Considering these possible routes of transport, the olfactory bulb and brainstem in mice were further analyzed by immunohistochemistry for the detection of biotinylated mouse monoclonal antibody 6 h after single intranasal application. 6 h after intranasal application with 100 μg of biotinylated antibody, a low diffuse as well as a cellular 11C7-biotin signal was detected in the granule cell layer of the olfactory bulbs (Fig. 1 E and G), as well as in the spinal trigeminal nucleus (Fig. 1 J and L). No biotin staining was seen in the brain of untreated control animals (Fig. 1 D, F, I, and K).

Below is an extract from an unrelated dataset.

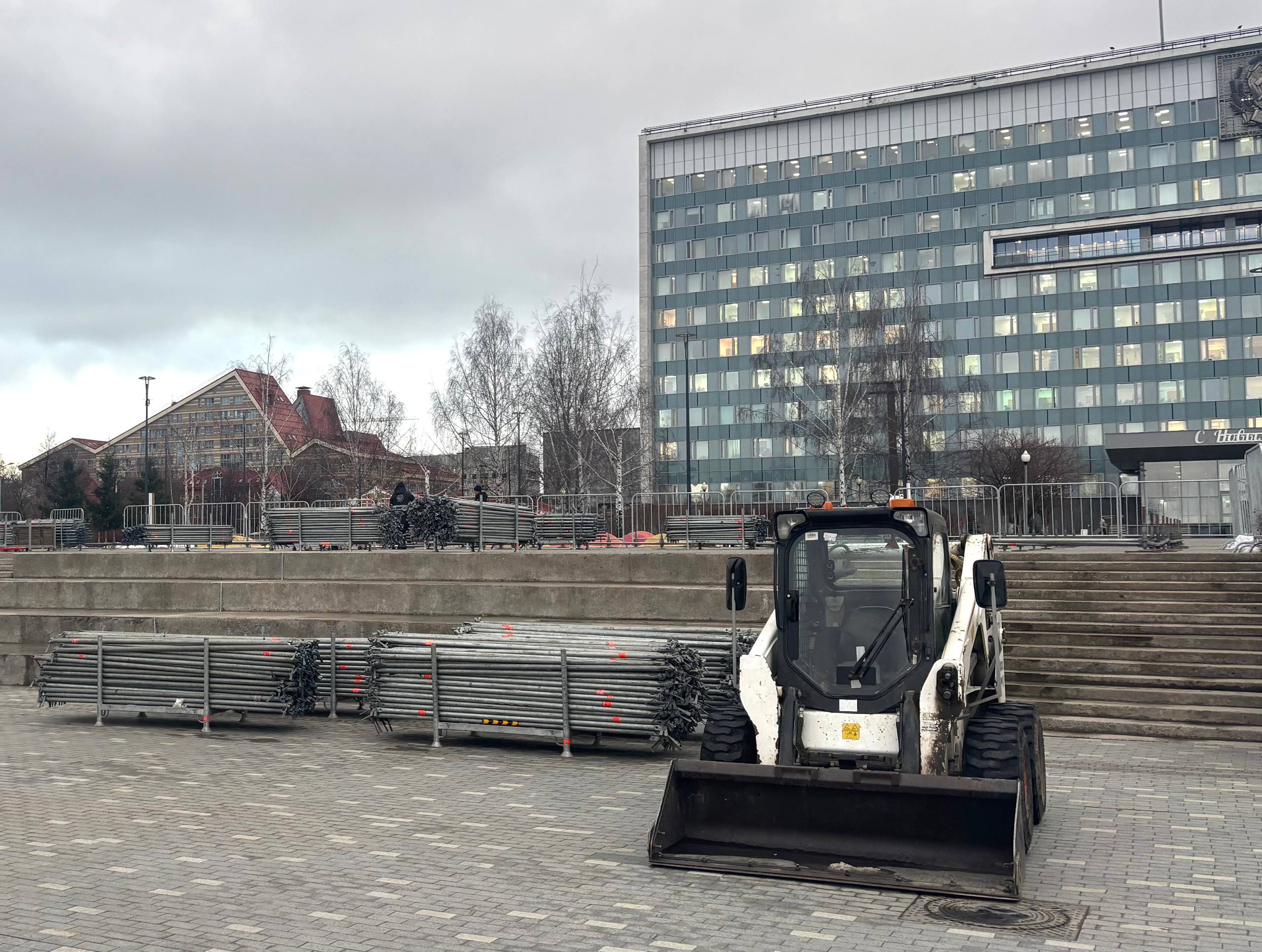 На пермской эспланаде приступили к установке главной новогодней елки. Сейчас идет сборка её основания и ограждений.

In rats, animal brains were analyzed by immunohistochemistry for the detection of mouse IgG antibodies 24 h after single and 72 h after daily repeated (3×) intranasal application. 24 h after a single intranasal application of antibody 11C7 strong immunostaining for mouse antibody was detected in the olfactory bulbs, in lamina V of the motor cortex, in the corpus callosum, hippocampus, and cerebellum, and in brainstem regions (Fig. 2A). Background staining in the untreated brain was very low (Fig. 2A). Repeated application of the same dose of mouse anti-Nogo-A antibody over 3 d (3 mg/rat in total) resulted in higher labeling intensities in all regions of the CNS (Fig. 2 A and B). Interestingly, cellular labeling could be observed in many regions, e.g., pyramidal cells in the cortex and hippocampus, Purkinje cells in the cerebellum, large neurons in brainstem nuclei, but also oligodendrocytes in white matter, e.g., corpus callosum. (Fig. 2B). All these cell types are known to express the target antigen Nogo-A [(60), and Allen Brain Atlas]. Double labeling for endogenous Nogo-A and mouse IgG confirmed the colocalization as shown for the trapezoid nucleus (Fig. 2 B, Lower Right). The staining probably reflects cell binding of the antibody to cell surface Nogo-A as well as intracellular antibody localization following antigen binding-induced uptake. These results show that the anti-Nogo-A antibody that reached the brain from the nasal cavity in mice and rats, was able to penetrate into the brain tissue, and reaching its antigen-expressing targets where it bound and was internalized. The Olfactory bulb and trigeminal regions showed as the first CNS regions for antibody uptake, pointing to olfactory and trigeminal nerves as the primary conduits along which the intranasally applied antibody reached the CNS.

Fig. 2.

Localization of mouse anti-Nogo-A antibody 11C7 by immunohistochemistry in the adult rat brain 24 h after a single intranasal application or after three successive daily intranasal applications (72 h). (A) Regional distribution of anti-Nogo-A antibody immunoreactivity in the adult rat brain at 24 and 72 h post-intranasal application. Color coding shows the intensity of staining in the olfactory bulb, motor cortex, hippocampus, cerebellum, brainstem, and pons. Sections of untreated rat show low background staining only. (B) Mouse antibody 11C7 was detected on/in cells in many brain regions, in particular after repeated intranasal application. Examples shown are from the olfactory bulb, pyramidal cells of lamina V of the motor cortex and CA1 of the hippocampus, Purkinje cells of the cerebellum, and large neurons in the trapezoid nucleus and principal sensory trigeminal nucleus (Pr5). In white matter, e.g., corpus callosum, the typical row-forming oligodendrocytes are also labeled. All these labeled cell types are known to express Nogo-A. Double immunofluorescent labeling of the trapezoid nucleus for endogenous Nogo-A and mouse antibody 11C7 confirmed the colocalization (Lower Right). AOL: anterior olfactory nucleus, lateral; (V) Lamina V of motor cortex; CA1: cornu ammonis 1 of the hippocampus; ML, molecular layer; PCL, Purkinje cell layer; Pr5: principal sensory trigeminal nucleus; Tz: Nucleus of the trapezoid body; CC: corpus callosum. – Red channel: Nogo-A; Green channel: Mouse IgG (11C7 detection). (Scale bars, 100 µm.)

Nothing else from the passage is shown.